Use Cases for Stateless Transformations

  • Filtering: Remove invalid events, route by type, compliance filtering
  • Mapping: Format conversion, field extraction, enrichment with constants
  • FlatMap: Parse complex events into multiple simple events

Step 2: Stateful Aggregations (Count, Sum)

Stateful operations maintain state across multiple events—enabling aggregations like counts, sums, and averages.

Kafka Streams Example: Count Orders by Region

RegionalOrderCount.java
import org.apache.kafka.streams.*;
import org.apache.kafka.streams.kstream.*;
import org.apache.kafka.common.serialization.Serdes;

public class RegionalOrderCount {
    public static void main(String[] args) {
        Properties props = new Properties();
        props.put(StreamsConfig.APPLICATION_ID_CONFIG, "regional-order-count");
        props.put(StreamsConfig.BOOTSTRAP_SERVERS_CONFIG, "localhost:9092");

        StreamsBuilder builder = new StreamsBuilder();

        KStream<String, String> orders = builder.stream("orders");

        // Extract region from order and use as key
        KStream<String, String> ordersByRegion = orders.selectKey(  // (1)!
            (key, value) -> extractRegion(value)  // region becomes the key
        );

        // Group by key (region) and count
        KTable<String, Long> orderCounts = ordersByRegion  // (2)!
            .groupByKey()  // (3)!
            .count(Materialized.as("order-count-store"));  // (4)!

        // Write counts to topic
        orderCounts.toStream().to("order-counts",  // (5)!
            Produced.with(Serdes.String(), Serdes.Long())
        );

        KafkaStreams streams = new KafkaStreams(builder.build(), props);
        streams.start();
    }

    private static String extractRegion(String json) {
        return "US-WEST"; // Simplified - parse JSON in reality
    }
}
  1. Re-key stream by region - required for grouping
  2. KTable represents aggregated state (region → count)
  3. Group by key (region) - prepares for aggregation
  4. Count operation - maintains state in RocksDB store named "order-count-store"
  5. Convert KTable back to KStream and write to output topic
regional_order_count.py
from pyflink.datastream import StreamExecutionEnvironment
from pyflink.datastream.connectors.kafka import KafkaSource
from pyflink.common.serialization import SimpleStringSchema
import json

env = StreamExecutionEnvironment.get_execution_environment()

kafka_source = KafkaSource.builder() \
    .set_bootstrap_servers("localhost:9092") \
    .set_topics("orders") \
    .set_group_id("regional-count") \
    .set_value_only_deserializer(SimpleStringSchema()) \
    .build()

orders = env.from_source(kafka_source, "Kafka Source")

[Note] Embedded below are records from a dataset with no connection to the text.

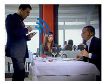
long range bluetooth
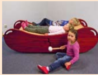
Auf der Klangwaage ...
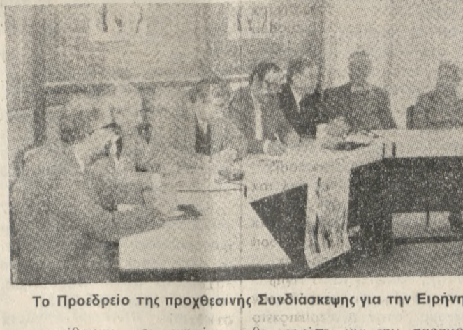
Το Προεδρείο της προχθεσινής Συνδιάσκεψης για την Ειρήνη.
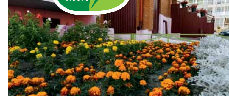
Пер. Курганский, 5

# Extract region from order
def extract_region(order_json):
    order = json.loads(order_json)
    region = order.get('region', 'UNKNOWN')
    return (region, 1)  # (1)!

region_counts = orders.map(extract_region) \
    .key_by(lambda x: x[0]) \  # (2)!
    .sum(1)  # (3)!

region_counts.print()

env.execute("Regional Order Count")
  1. Transform to tuple (region, 1) - 1 represents one order
  2. Key by region (first element of tuple)
  3. Sum the second element (count) - Flink maintains state automatically

State Management

Stateful operations require persistent state stores: - Kafka Streams: Uses RocksDB (embedded key-value store) + changelog topic for fault tolerance - Flink: Uses checkpoint snapshots to distributed storage (HDFS, S3)

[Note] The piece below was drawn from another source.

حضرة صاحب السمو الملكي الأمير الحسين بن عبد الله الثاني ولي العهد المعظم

Step 3: Windowing and Time-Based Aggregations

Windowing groups events into time buckets—enabling operations like "orders per minute" or "revenue per hour."

Window Types

  • Tumbling Windows

Fixed-size, non-overlapping windows

Use Case: "Count orders every 5 minutes"

[0-5min] [5-10min] [10-15min]
  • Hopping Windows

Fixed-size, overlapping windows

Use Case: "Revenue per 10 minutes, updated every 5 minutes"

[0-10min]
   [5-15min]
      [10-20min]
  • Sliding Windows

Window per event (continuous)

Use Case: "Average of last 100 events"

Window moves with each event
  • Session Windows

Gap-based windows (activity-driven)

Use Case: "User sessions with 30-min inactivity timeout"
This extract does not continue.